The maker of Peroni, Grolsch and Miller Lite cited particular strength in Ghana, Nigeria, Tanzania and Zambia

The maker of Peroni, Grolsch and Miller Lite cited particular strength in Ghana, Nigeria, Tanzania and Zambia

“This includes growth drivers such as growing population, increasing urbanization, progressively aspirational consumers and opportunities to gain market share from the illicit trade.”

 The brewer has leading positions in Africa, China and the Andean region of Latin America, Reuters reports.

Strength in those places helped SABMiller report a 7 percent rise in earnings before interest, taxes, depreciation and amortization, reaching $3.27 billion in the six months ended 30 September. That was ahead of analysts’ average estimate of $3.22 billion, according to a company-supplied consensus.

Lager sales by volume rose 1 percent. Volume gains of 9 percent in Africa, 4 percent in Asia Pacific and 1 percent in Latin America were tempered by declines of 4 percent in Europe and 3 percent in North America.

Africa has become a key battleground for alcoholic drink makers. Diageo has stepped up investments there, recently buying breweries in Tanzania and Ethiopia, and is on the hunt for more.

“Looking forward to the second half of the year, we expect trading conditions to remain broadly unchanged, with volume growth continuing to be driven by emerging markets,” Clark said.

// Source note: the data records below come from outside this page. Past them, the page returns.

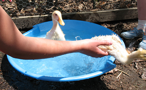 We have some new ducks this week and when we brought them home, the girls decided to use one of their winter sleds for a pool for them. This isn’t too odd for us though, the girls’ old sand box is used as a water trough in the main part of the coop.
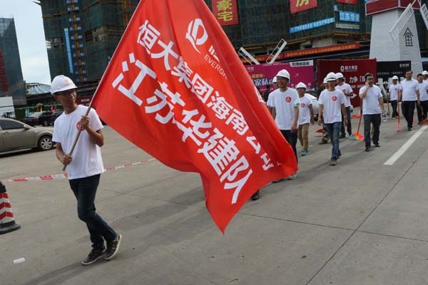 江蘇華建積極響應海口市“雙創”活動 時間:2015-09-01 3011 8月29日上午,海口市龍華區“雙創”啟動大會在我公司承建的恒大外灘中心項目現場召開,龍華區區委書記王東等領導出席啟動儀式,公司副總、海南分公司總經理王宏到會并做表態發言。 隨后,會場舉辦“我愛海口,力爭雙創”授旗儀式,并組織志愿者“自掃門前雪”,手拿掃把、簸箕等工具,將所屬衛生轄區打掃得干干凈凈,以實際行動來踐行“雙創”工作。
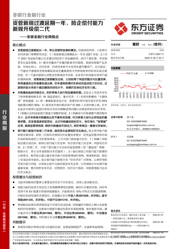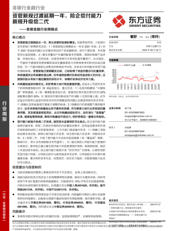 【东方证券】【20200802】非银行金融行业周观点:资管新规过渡延期一年,险企偿付能力新规升级偿二代-12页

Slow economic growth in Europe and the United States has hurt household budgets, meaning consumers have either cut back on beer drinking or tried to buy it more cheaply.

 In Europe EBITDA fell 8 percent and SABMiller highlighted falling sales volumes in Poland and the Czech Republic.

“Europe is trading below our expectations,” Chief Financial Officer Jamie Wilson said, noting that the region has been tough for a number of quarters. “We see the economies there continuing to perform sluggishly, so that is not a surprise to us.”

 Shares of the company, which had fallen nearly 10 percent in the past six months, were up 0.5 percent at 3250 pence at 1030 GMT on Thursday.

“Without meaningful change in the macro outlook, we see little reason to become more positive on the stock,” said Liberum Capital in a research note.

Through a decade of heavy consolidation, four big brewers — Anheuser-Busch InBev, SABMiller, Heineken and Carlsberg — already make half the world’s beer.

As virgin ground shrinks, speculation has grown that SABMiller itself could be acquired.

Asked whether consolidation in the beer sector was finished, Clark said: “We don’t think that age or that era is over in the brewing industry.”

Earnings on a per-share basis were $1.20 in the first half of the year, slightly below analysts’ average estimate of $1.21.

Overall, net producer revenue, which excludes excise and similar taxes, was $13.79 billion, in line with estimates.